- **WORK TO COMPLETE**
Give back each line of the data exactly as it reads, minus the pictures.

- **PROVIDED MATERIAL**
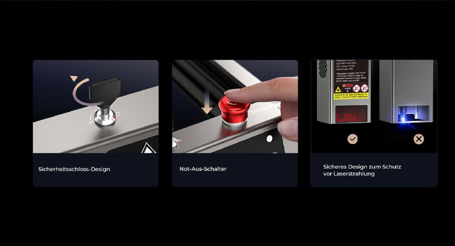 Beim Erhitzen von Edelstahl durch einen starken Laserstrahl, reagiert die Metalloberfläche und erzeugt hunderte von Farben. Die integrierte Air Assist-Funktion des Falcon2 40W kann manuell oder über die LightBurn-Software angepasst werden. Dadurch wird der Rauch entfernt und die Laserlinse geschützt, um saubere Ergebnisse zu gewährleisten. Creality legt großen Wert auf Sicherheit. Die Schutzabdeckung des Laserkopfes besteht aus hocheffizientem Farbfilterglasmaterial, um Blendungen durch den Laser zu vermeiden. Darüber hinaus verfügt der Falcon2 40W über drei Überwachungssysteme und fünf Sicherheitsmaßnahmen, einschließlich Luftstrom-, Linsen- und Rahmenüberwachung, bidirektionaler Endschalter, aktive Stoppfunktion, Sicherheitsschloss-Design und Not-Aus-Taste.
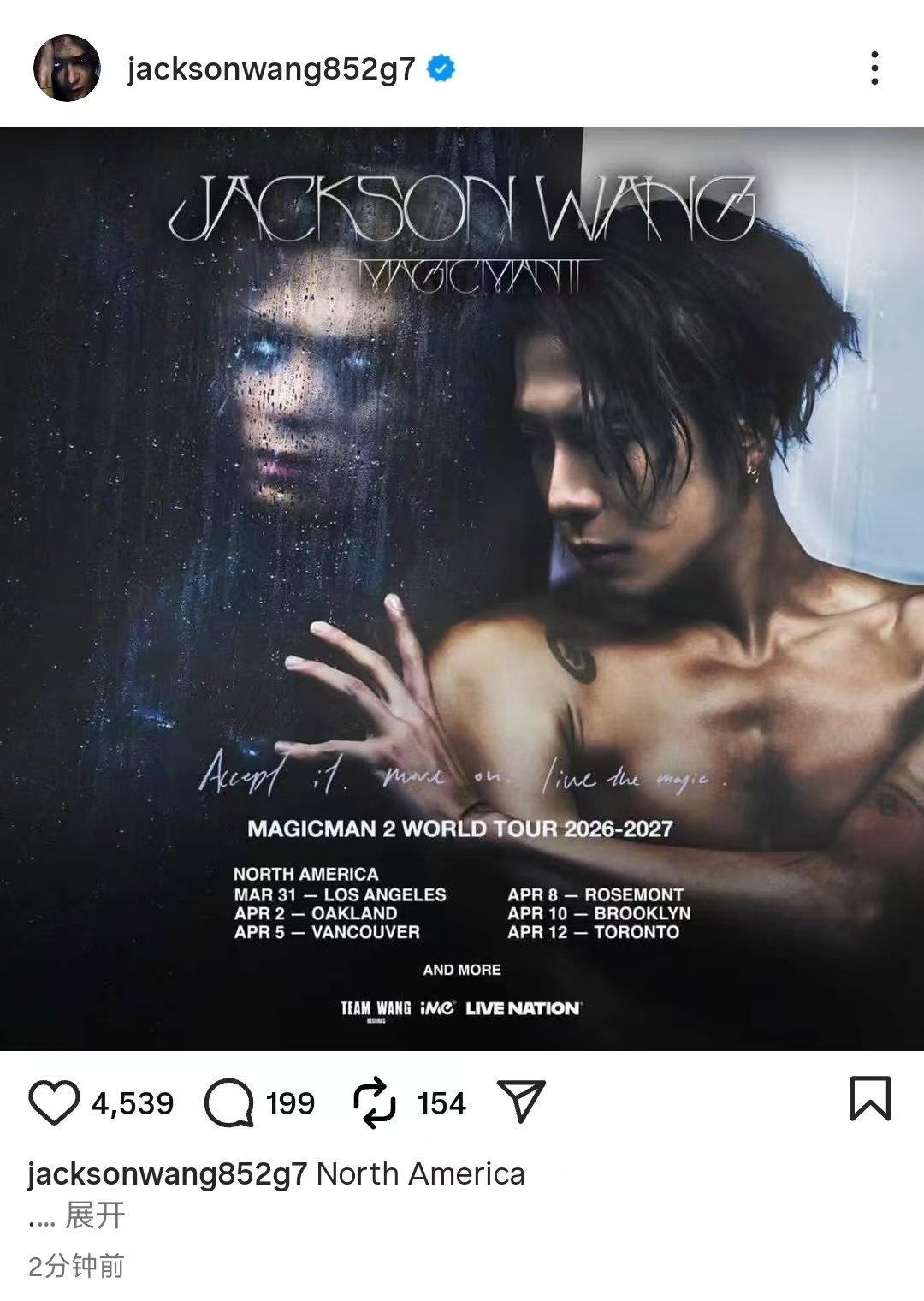 王嘉尔官宣世巡北美站 救命!北美六城巡演突然空降,洛杉矶、温哥华等城市将迎来专属
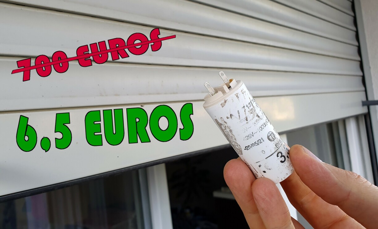 Le coupable s’appelle un “condensateur” m’explique-t-il. Son rôle, si j’ai bien compris, est d’emmagasiner de l’électricité pour faciliter le fonctionnement du moteur, en gros comme un “boost” (mes excuses aux pros). Ce que j’ai bien compris par contre, c’est que ce condensateur est le meilleur ami des vendeurs de volets et des “artisans” comme vous.
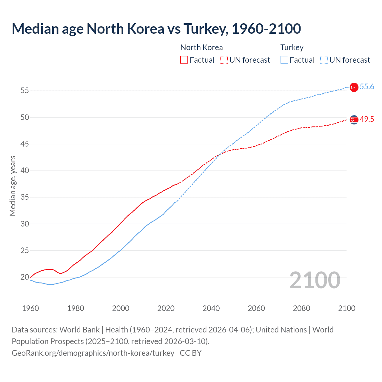 Median age North Korea vs Turkey, 1960-2100

- **RESULT OF THE EXERCISE**
 Beim Erhitzen von Edelstahl durch einen starken Laserstrahl, reagiert die Metalloberfläche und erzeugt hunderte von Farben. Die integrierte Air Assist-Funktion des Falcon2 40W kann manuell oder über die LightBurn-Software angepasst werden. Dadurch wird der Rauch entfernt und die Laserlinse geschützt, um saubere Ergebnisse zu gewährleisten. Creality legt großen Wert auf Sicherheit. Die Schutzabdeckung des Laserkopfes besteht aus hocheffizientem Farbfilterglasmaterial, um Blendungen durch den Laser zu vermeiden. Darüber hinaus verfügt der Falcon2 40W über drei Überwachungssysteme und fünf Sicherheitsmaßnahmen, einschließlich Luftstrom-, Linsen- und Rahmenüberwachung, bidirektionaler Endschalter, aktive Stoppfunktion, Sicherheitsschloss-Design und Not-Aus-Taste.
 王嘉尔官宣世巡北美站 救命!北美六城巡演突然空降,洛杉矶、温哥华等城市将迎来专属
 Le coupable s’appelle un “condensateur” m’explique-t-il. Son rôle, si j’ai bien compris, est d’emmagasiner de l’électricité pour faciliter le fonctionnement du moteur, en gros comme un “boost” (mes excuses aux pros). Ce que j’ai bien compris par contre, c’est que ce condensateur est le meilleur ami des vendeurs de volets et des “artisans” comme vous.
 Median age North Korea vs Turkey, 1960-2100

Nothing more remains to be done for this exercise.